A real highlight for me was our student, John-Allan Ellingson, who spoke about applied research work he is doing on industry partner SOS Customer Service's crane project. The project is being led by Professor Jamie McIntrye of the Centre for Construction and Engineering Technologies, who is also the innovation lead for our Advanced Prototyping Lab. SOS Customer Service Inc. (SOS) is an Ontario SME that specializes in the design, development, sales and services of cranes, hoists, process automation and handling devices. SOS is collaborating with the George Brown College and Jamie McIntryre’s group to design, prototype and test a novel, lightweight and portable crane to lift windows into place for installation during construction of low-rise commercial and residential buildings. SOS has developed an innovative and simple design concept for the prototype. The new crane is expected to have significant advantages over technologies and approaches and has potential to significantly impact the return on investment (ROI) at building worksites.
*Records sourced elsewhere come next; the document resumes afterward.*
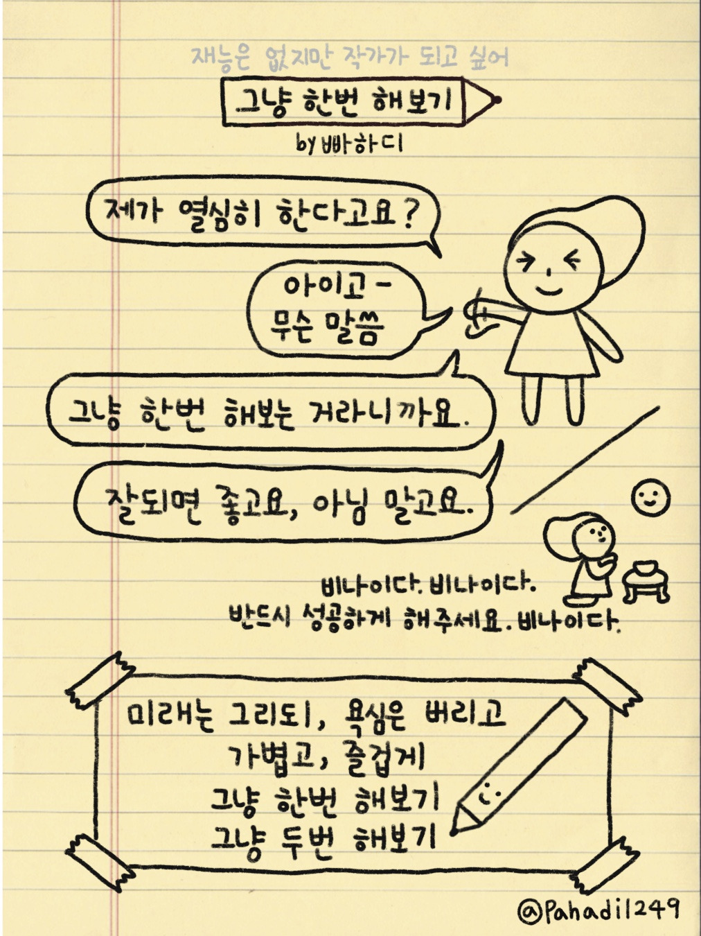 최선을 다하지 않아야 한다. 열심히 하면 기대하게 된다. 기대가 있으면 더 열심히 하고 빨리 지친다. 적당히 해야 계속할 수 있다. 그냥 한 번 해보는 거라고 가볍게 속이자.
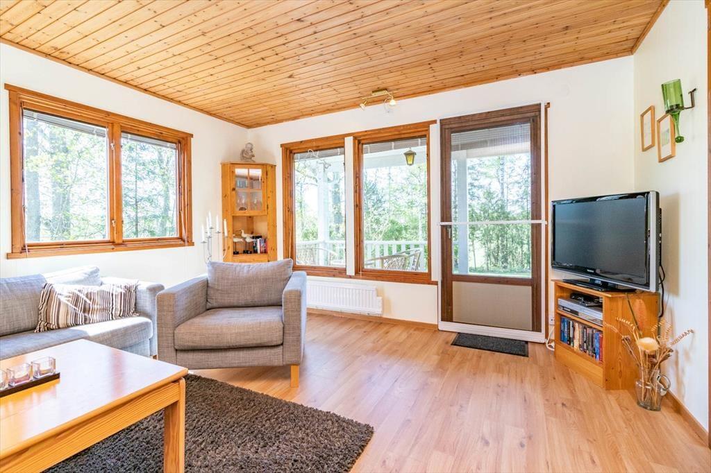 Feriehuset ligger idyllisk og fredeligt ved Vrankunge, ca. 30 minutters kørsel sydvest for Växjö. Fra den overdækkede terrasse har du udsigt over søen Åsnen, som ligger kun omkring 300 meter i fugleflugt fra huset. I området finder du alt, hvad du behøver for et afslappet ophold: dagligvarebutik i Kalvsvik (ca. 10 km) samt restauranter, caféer og hæveautomat i Grimslöv (ca. 11 km). Til den nærmeste badeplads og fiskepladser ved søen er der omkring 2,5 km – området lige ved huset er ikke egnet til badning. Med en afstand på omkring 500 meter til nærmeste nabo får du masser af ro og privatliv på grunden. Den skovrige omegn indbyder til gåture, cykelture og udflugter i og omkring Åsnen Nationalpark.
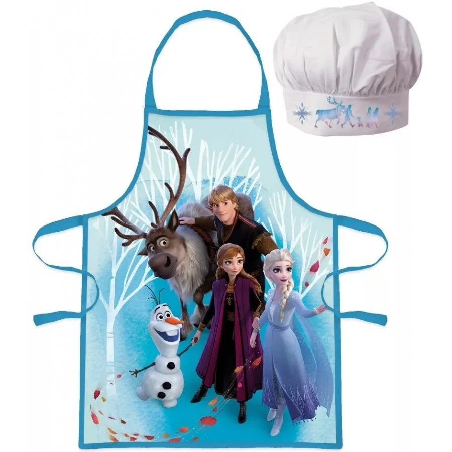 Set dívčí zástěry a kuchařské čepice Ledové království - Frozen - motiv Believe in The Journey - s obrázkem princezen Anny a Elsy s jejich kamarády Olafem, Kristoffem a Svenem. Zástěra je vhodná pro malé kuchařky, ale i do výtvarné výchovy, do keramiky, či jako pracovní zástěra k různým školním i mimoškolním pracovním činnostem. Tento kuchařský set je vhodný pro děti od 3 let. Lze jej prát při teplotě do 60°C.
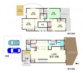 備考 ・2階洋室の最高天井高さ約4.0m ・2階洋室約6.0帖にはロフトがあります。・シャッター付き駐車スペース(2台分) ≪設備≫ ・エネファーム・エコキュート・太陽光発電システム ・ 床暖房(キッチン、リビング、ダイニング) ・ キッチン:食洗機・浄水器専用水栓 ・ 浴室:酸素美泡湯・浴室乾燥機・ミストサウナ・眺望が見渡せる窓 ・ トイレ(1階):タンクレス(アラウーノ) ・ 洗面化粧台(1階):ツインボウル
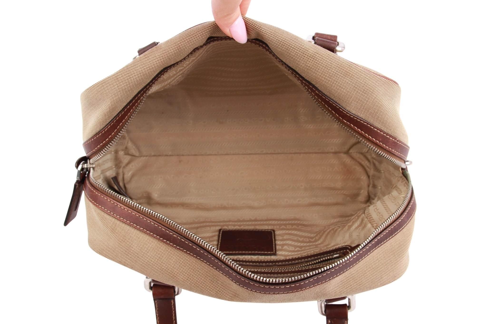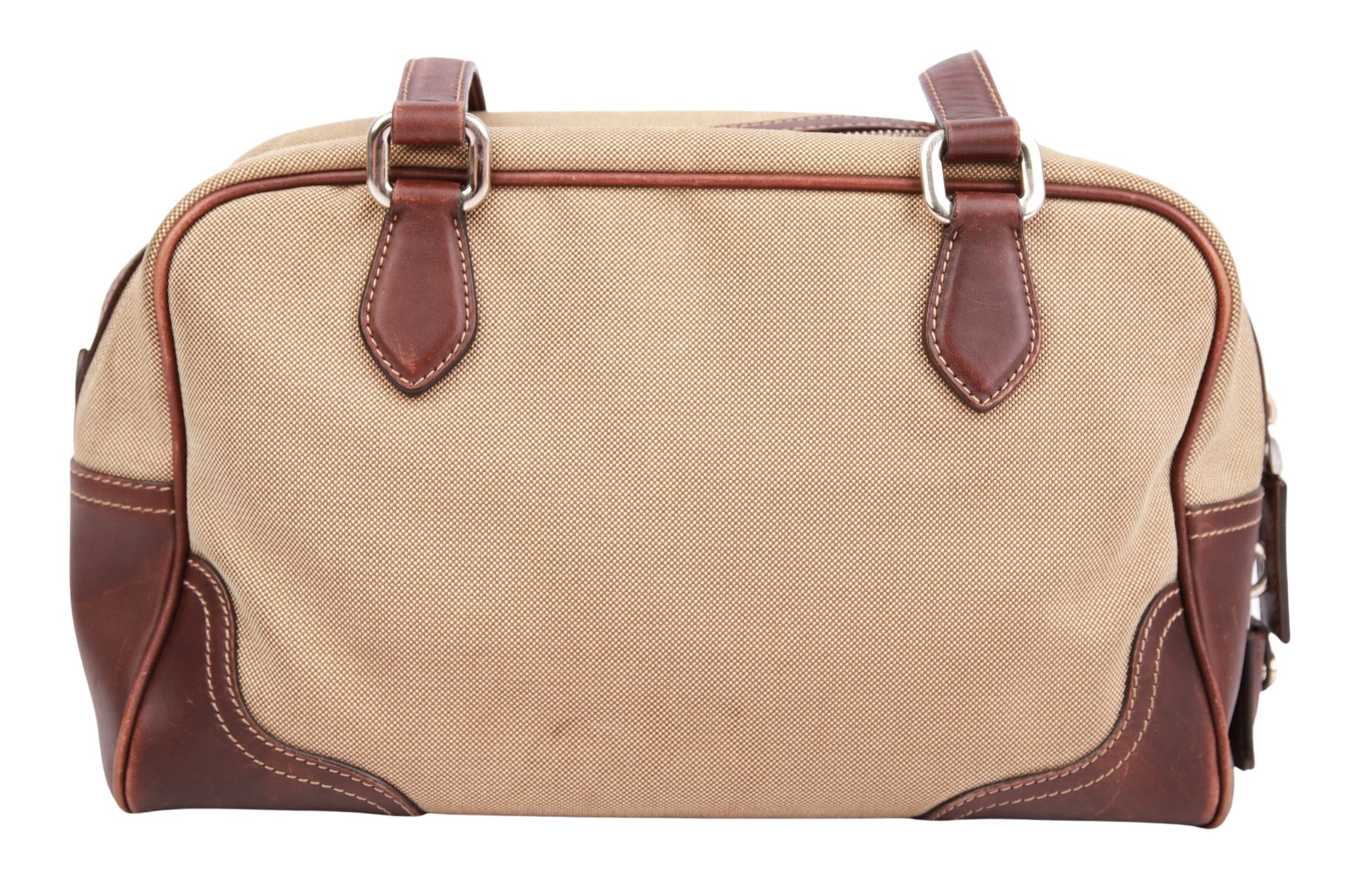 Der Prada Jacquard Bowling Bag in Beige und Braun vereint zeitlose Eleganz mit praktischer Alltagstauglichkeit. Der hochwertige Canvas in warmem Beigeton wird durch edle Lederdetails ergänzt, die dem Design Struktur, Langlebigkeit und einen klassischen Look verleihen. Das ikonische Prada-Logo setzt einen dezenten, aber prägnanten Akzent und unterstreicht die exklusive Ausstrahlung der Tasche.

John-Allan is part of the team that is working with SOS to develop, prototype, test and commercialize their innovative design.

John-Allan spoke about the kinds of skills he is learning as a result of this applied research project, and how the project is giving him cumulative experience encompassing not just the engineering skills, but also design skills. This is an important point, as it relates to the need for both STEM and nonSTEM skills, and that innovation literacy and adoptation - the ability to adopt and adapt - demand a combined skillset. Chad Gaffield, President of SSHRC, put this well during another session on partnerships when he said that firms have the opportunity to partner with the whole campus when we engage all relevant fields, from the natural sciences and engineering to the social sciences and humanities. Not every faculty member in every department at universities or colleges wants to or is interested in engaging with firms on innovation challenges. But for those that do there is a lot of value: for the firms, the faculty members, and most of all, the students who, like John-Allan, demonstrate the kinds of innovation skills that will drive Canada's future productivity. Discussion on these important issues such as was enabled by the Business Innovation Summit gives me optimism about our future.